What’s the training data we’re going to use? How do we wrangle the data? We’re going to grab and collate data from a variety of sources – let’s start by grabbing the 2019 NCAA first round tournament results. Let’s also grab the Vegas Money Line odds for these games. I like to bet the Money Line – just picking winners and losers – I don’t mess with the spread. We’ll also grab the quad 1 results for each tournament team last year. We’re going to grab the KenPom.com data and with a premium subscription from KenPom, we’re also going to grab the “Four Factors.” I won’t exhaustively describe all these factors, but suffice it to say, that I hopped right on the shoulder’s of giants and grabbed the absolute cutting edge of basketball stats that I could find:

Adjusted Efficiency Margin is the difference between a team’s offensive and defensive efficiency.
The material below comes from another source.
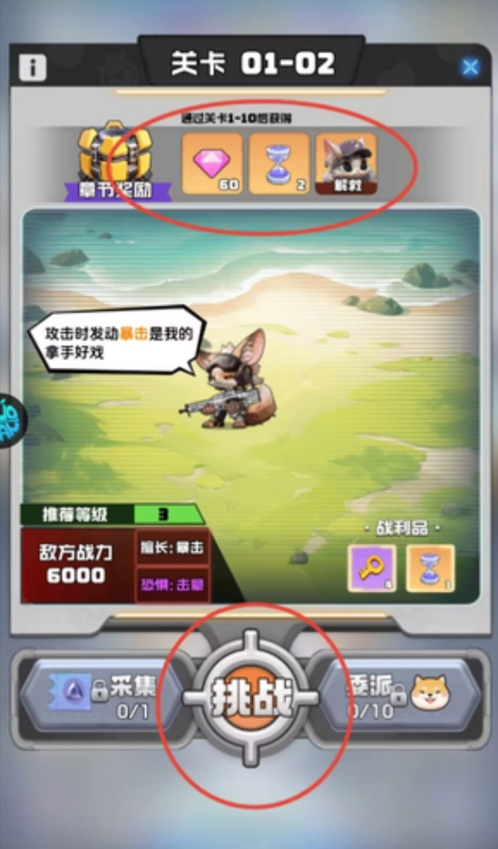2. 在关卡选择界面,会呈现通关奖励以及敌方详尽数据,其中涵盖战力数值与攻击特点。确认信息无误后,点击挑战按钮,就能进入战斗。

It represents the number of points the team would be expected to outscore the average D-I team over 100 possessions.
Effective field goal percentage is like regular field goal percentage except that it gives 50% more credit for made three-pointers.
Turnover percentage is a pace-independent measure of ball security.
Offensive rebounding percentage is a measure of the possible rebounds that are gathered by the offense.
Free throw rate captures a team’s ability to get to the free throw line.
Quad 1 Wins wins over “good” teams – top 30 wins at home, top 50 wins at a neutral site and top 75 road wins. We test for wins, attempts, wins + attempts, winning percentage, win margin, and win + attempts margin.

There are breakouts for offensive efficiency, defensive efficiency and the “Four Factors” also apply to offense and defense. Additionally, we include national rankings for each category as well as quad 1 data. All in, we’re looking at 37 different factors to determine correlation.

Let’s write some code!

I used Pandas to outer join data from three different spreadsheets matching the data according to team name. This was very, very awesome and easier than collating in Excel directly and much faster than doing it by hand. The code below reads in a spreadsheet matches the team name and spits out a new spreadsheet with all the data matched up. Sweet!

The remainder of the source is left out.